-- Work instructions --
Lower down are entries containing pictures. Copy exactly, without those pictures, the lines from the line with "罗莎莉亚辅助圣遗物及武器搭:武器选择:罗" through the line with "가보자GO 5.E03.250719.720p-NEXT.mp4 |".

═══ Exercise data

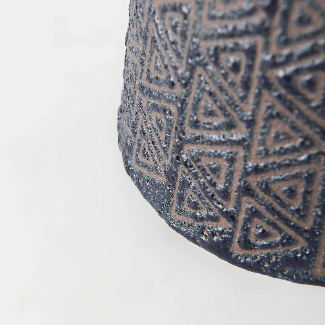 The Sega vase is made with a rich dark finish with intricately designed geometric patterns that absolutely captivating.
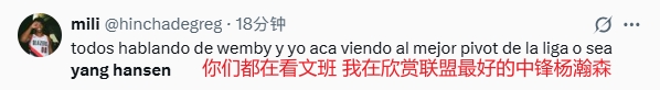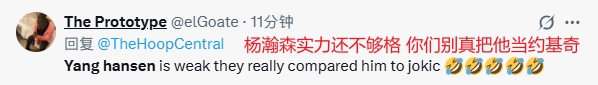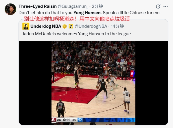 2分1板被隔扣!美网友:别真把杨瀚森当约基奇&快用中文喷垃圾话
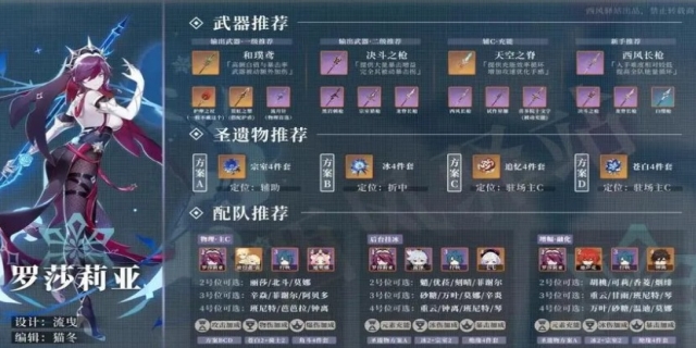 罗莎莉亚辅助圣遗物及武器搭:武器选择:罗莎莉亚的武器选择应当以提升暴击率和攻击力为主。其中,决斗之枪是较为理想的选择,因为它提供了36.8%的暴击率,可以极大地帮助罗莎莉亚达到100%的暴击率要求,从而更好地为全队提供增伤效果。此外,和璞鸢与白缨枪也是不错的选择,分别提供22.1%和23.4%的暴击率。
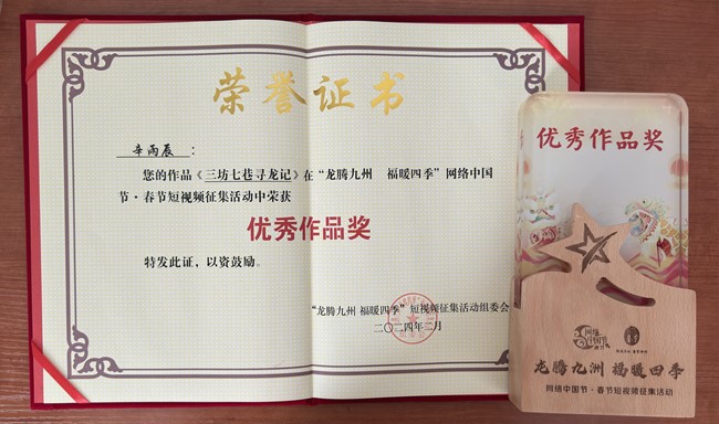2022级柬埔寨语专业本科生辛雨辰的作品《三坊七巷寻龙记》荣获“优秀作品奖”,从全国上万件作品中脱颖而出。
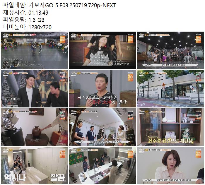 가보자GO 5.E03.250719.720p-NEXT.mp4 | 1.6 G | - | 1280x720 |
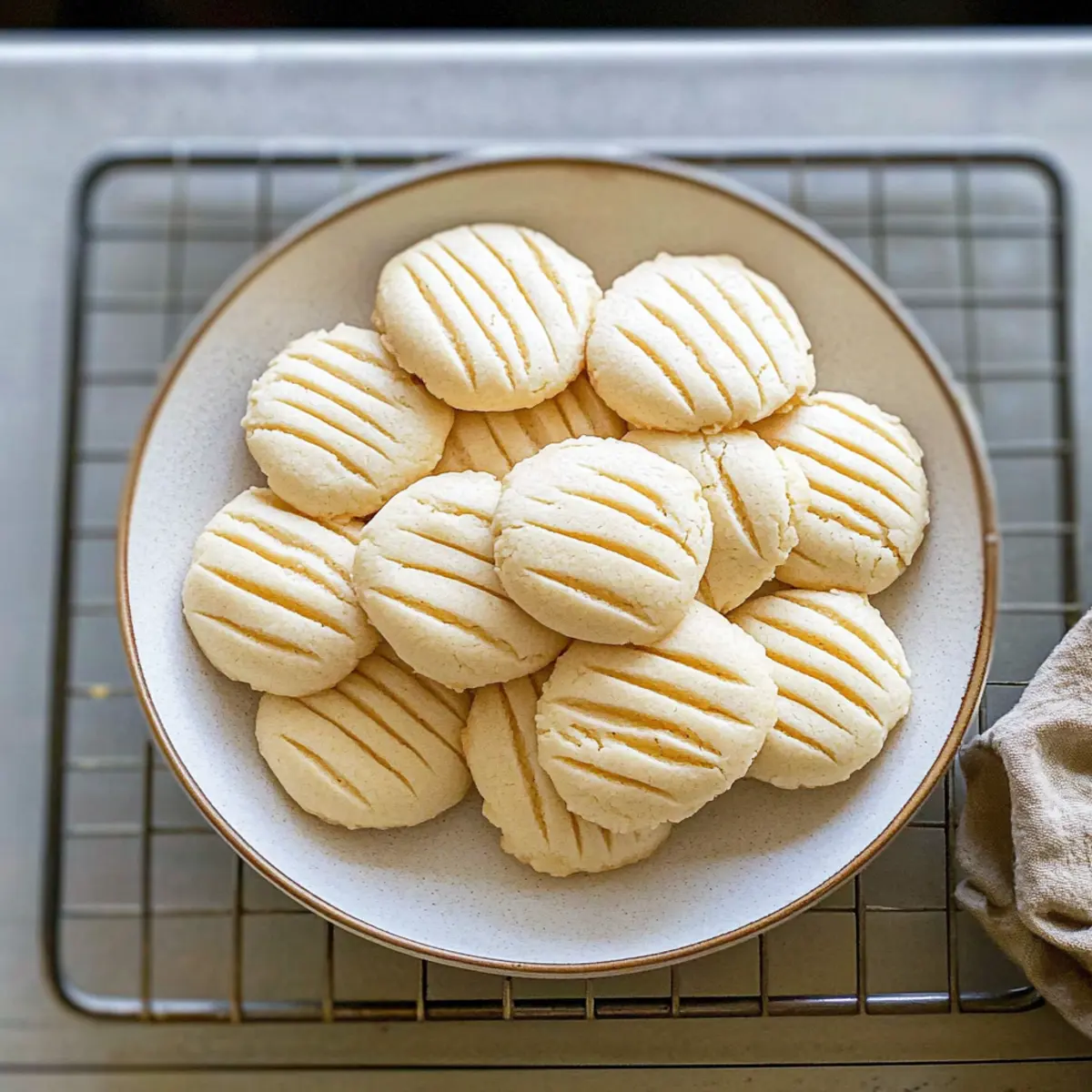 The aroma of freshly baked cookies has a magical way of taking you back to simpler moments, doesn’t it? Today, I’m excited to share a recipe for Melt-in-Your-Mouth Cornstarch Cookies, also known as “Sequilhos.” With just four simple ingredients, these cookies are not only incredibly easy to make, but they also cater to those looking for a delightful gluten-free and egg-free treat. Their unique texture offers a soft, crumbly center with a delicate crunch on the outside, making them perfect for any occasion. Whether you’re unwinding after a long day or surprising friends with a homemade gift, these cornstarch cookies will truly satisfy your sweet tooth. Intrigued? Let’s get started on this delightful baking journey together! Why are Cornstarch Cookies So Irresistible? Simplicity at Its Finest: With just four ingredients, you’ll have a delightful treat ready in no time. Melt-in-Your-Mouth Texture: These cookies boast a unique, crumbly texture that melts on your tongue, making each bite a heavenly experience. Versatile Flavor Options: Feel free to swap vanilla extract for almond or even add chocolate chips to elevate your cookie game—there’s endless potential! Guilt-Free Indulgence: Each cookie is only about 45 calories, making them a treat you can enjoy without any of the guilt. Perfect for All Occasions: Whether paired with a warm cup of tea or served at a festive gathering, these cookies will undoubtedly impress your guests. Try them alongside some of our favorite desserts like Lava Brownie Cookies or Vanilla Waffle Cookies for a delightful spread! Cornstarch Cookies Ingredients For the Cookie Dough Unsalted Butter – Provides richness and flavor; make sure it’s at room temperature for easy mixing. Sweet Condensed Milk – Adds moisture and sweetness; avoid substituting with evaporated milk. Cornstarch – The star ingredient that creates the melt-in-your-mouth texture; don’t swap it for other starches. Vanilla Extract – Enhances the cookie’s flavor; choose high-quality for the best results. Feel the excitement building as you gather these simple ingredients for your cornstarch cookies! Step‑by‑Step Instructions for Melt-in-Your-Mouth Cornstarch Cookies Step 1: Cream the Ingredients In a mixing bowl, combine the room temperature unsalted butter, sweet condensed milk, and vanilla extract. Using an electric mixer or a whisk, blend the ingredients on medium speed until smooth. Allow some small lumps of butter to remain for texture. This will take about 2-3 minutes, and the mixture should be creamy and well-integrated before moving to the next step. Step 2: Add the Cornstarch Gradually sift in the cornstarch, mixing with a spatula until the dough becomes too thick to stir with a spoon. At this point, switch to using your hands, gently kneading until a soft and smooth dough forms. This might take about 2-3 minutes as you want the dough to be pliable, not sticky. If it feels sticky, add a bit more cornstarch, a tablespoon at a time. Step 3: Shape the Dough Divide the dough in half and roll each half into a log about the thickness of your index finger. Once shaped into logs, slice them into ¼” thick pieces. Roll each piece into a ball and place them on a parchment-lined baking sheet, giving each cookie enough space. Aim for uniform shapes to ensure even baking, and take care to avoid pressing them flat at this stage. Step 4: Prepare for Baking Using a fork, gently flatten each ball of dough to create a slight indentation. This will help with even baking and give your cookies a lovely texture. Cover the baking sheet with plastic wrap and refrigerate the cookies for about 30 minutes. Chilling the dough prevents spreading during baking, ensuring that your cornstarch cookies maintain their shape and melt-in-your-mouth quality. Step 5: Preheat the Oven While the dough chills, preheat your oven to 350°F (175°C). This is the perfect temperature for baking cornstarch cookies to achieve that lightly golden bottom while keeping the tops soft and delicate. Make sure your baking sheets are ready, as you’ll need them shortly once the dough has cooled. Step 6: Bake the Cookies Remove the chilled cookies from the refrigerator and place them in the preheated oven. Bake for about 10-12 minutes, or until the bottoms are just lightly golden. Keep an eye on them, as overbaking can lead to dryness; you’re looking for a soft center with a slight crunch on the edges. Step 7: Cool and Transfer After baking, let the cookies cool on the baking sheet for about 5 minutes. This allows them to set and become easier to handle. Once slightly cooled, carefully transfer the cookies to a wire rack to cool completely. This step is important to maintain their melt-in-your-mouth texture, making your cornstarch cookies delightful in every bite! How to Store and Freeze Cornstarch Cookies Room Temperature: Store your cooled cornstarch cookies in an airtight container at room temperature for up to a week. Keep them out of direct sunlight to maintain freshness. Fridge: If you prefer, you can refrigerate the cookies in an airtight container for up to 10 days. This will slightly firm up their texture while preserving their delightful flavor. Freezer: For longer storage, shape your cornstarch cookies, place them on a baking sheet, and freeze for 30 minutes. Then transfer them to airtight bags or containers, where they can be stored for up to 3 months. Reheating: To enjoy frozen cookies, simply thaw them at room temperature or warm them in the oven at 300°F (150°C) for 5-7 minutes. This will restore their delightful melt-in-your-mouth quality. What to Serve with Melt-in-Your-Mouth Cornstarch Cookies? Indulge in a symphony of flavors that will elevate your delightful cookies into a full meal experience. Creamy Vanilla Ice Cream: The cool, creamy texture of vanilla ice cream perfectly contrasts the cookies’ crumbly bite, creating a heavenly combination. Try drizzling some chocolate sauce over it for 
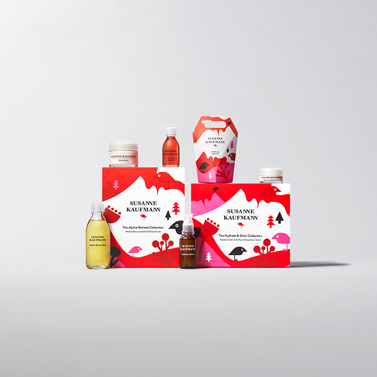 Das Label aus Österreich stimmt mit der liebevoll illustrierten Geschenk-Kollektion 2025 auf die Winter- und Weihnachtszeit ein. Die kuratierten Sets sind tief verbunden mit der ganzheitlichen Philosophie von Susanne Kaufmann und der Natur der Alpen: THE HYDRATE & GLOW COLLECTION – Bei diesem Gesichtspflege-Set stehen Verjüngung und Feuchtigkeitsversorgung im Mittelpunkt, um den Teint täglich mit einem geschmeidigen Glow zu krönen. Das Hyaluron Serum kombiniert hoch- und niedermolekulare Hyaluronsäure und wird ergänzt von der Nourishing Day Cream, die u.a. mit Alpenrosenextrakt feine Linien sichtbar mindert und die Haut in den kalten Wintermonaten pflegt und beruhigt. THE ALPINE RETREAT COLLECTION – Das köstlich nach alpinen Aromen duftende Körperpflegeduo kommt in praktischen Travelsizes daher. Es enthält ein Schaumbad mit einem stimmungsaufhellenden Mix ätherischer Öle aus Rosmarin, Salbei und Zedernholz. Die ergänzende Body Butter verwöhnt mit Olivenöl, Molke und Sheabutter, spendet intensiv Feuchtigkeit und regeneriert selbst trockene Haut. Preis: ab 48 Euro über organicluxury.de.
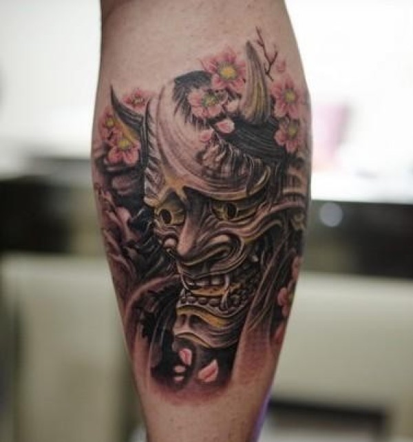 超酷的腿部般若纹身
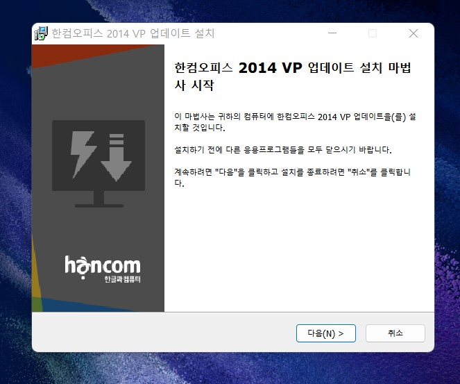 그리고 한글과 컴퓨터 홈페이지로 들어가 최신 패치를 내 한글 프로그램 버전에 맞게 다운로드했다.
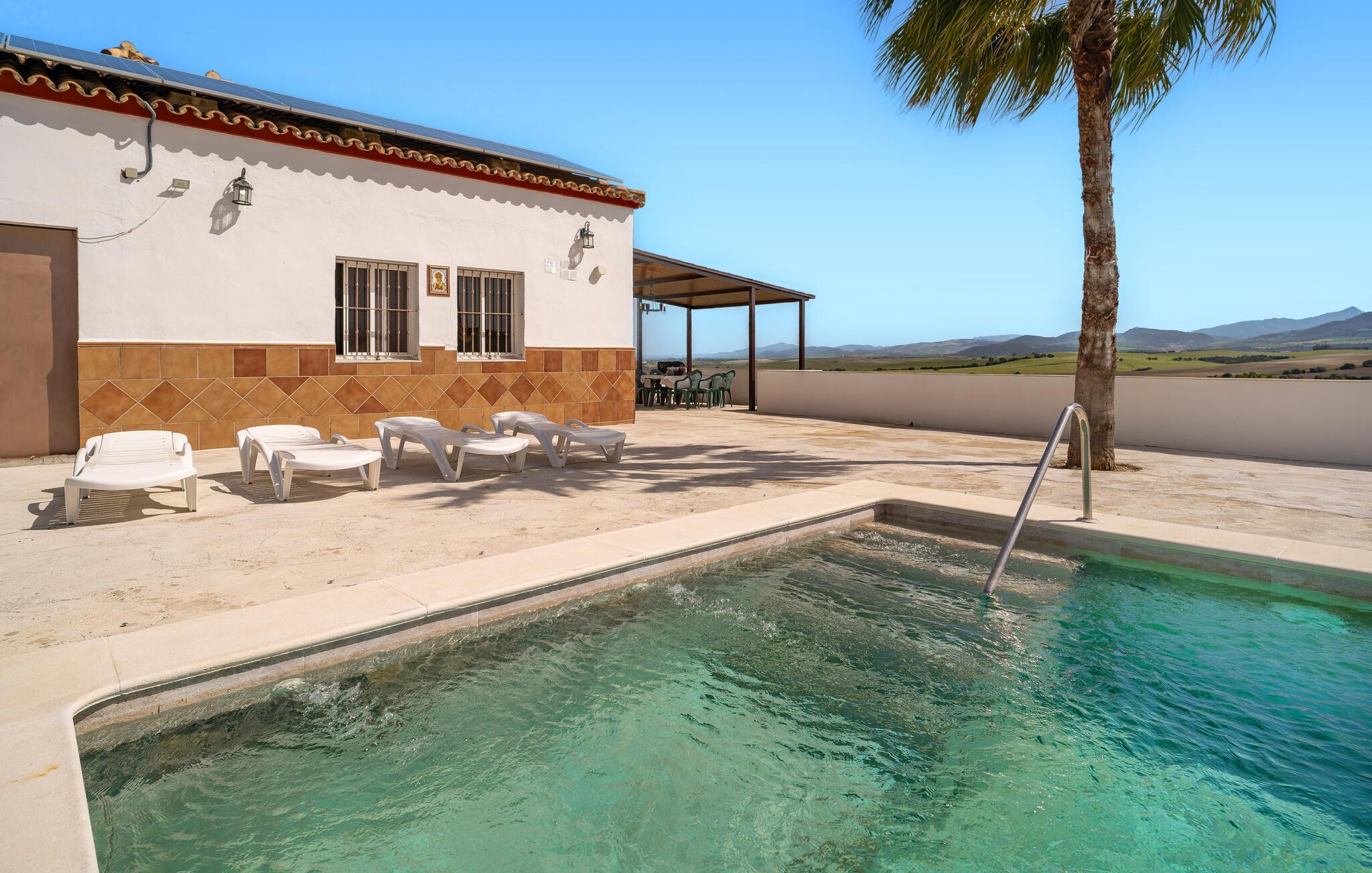 Verbringen Sie einen erholsamen Urlaub in diesem idyllischen Ferienhaus nahe Arcos de la Frontera, einem der schönsten weißen Dörfer Andalusiens. Genießen Sie die Ruhe und Abgeschiedenheit, während Sie auf den gemütlichen Sonnenliegen am Pool entspannen. Beginnen Sie Ihren Tag mit einem Sprung ins erfrischende Wasser oder genießen Sie den Blick auf die umliegende Landschaft von der Terrasse aus.

══════

-- Expected output --
 罗莎莉亚辅助圣遗物及武器搭:武器选择:罗莎莉亚的武器选择应当以提升暴击率和攻击力为主。其中,决斗之枪是较为理想的选择,因为它提供了36.8%的暴击率,可以极大地帮助罗莎莉亚达到100%的暴击率要求,从而更好地为全队提供增伤效果。此外,和璞鸢与白缨枪也是不错的选择,分别提供22.1%和23.4%的暴击率。
2022级柬埔寨语专业本科生辛雨辰的作品《三坊七巷寻龙记》荣获“优秀作品奖”,从全国上万件作品中脱颖而出。
 가보자GO 5.E03.250719.720p-NEXT.mp4 | 1.6 G | - | 1280x720 |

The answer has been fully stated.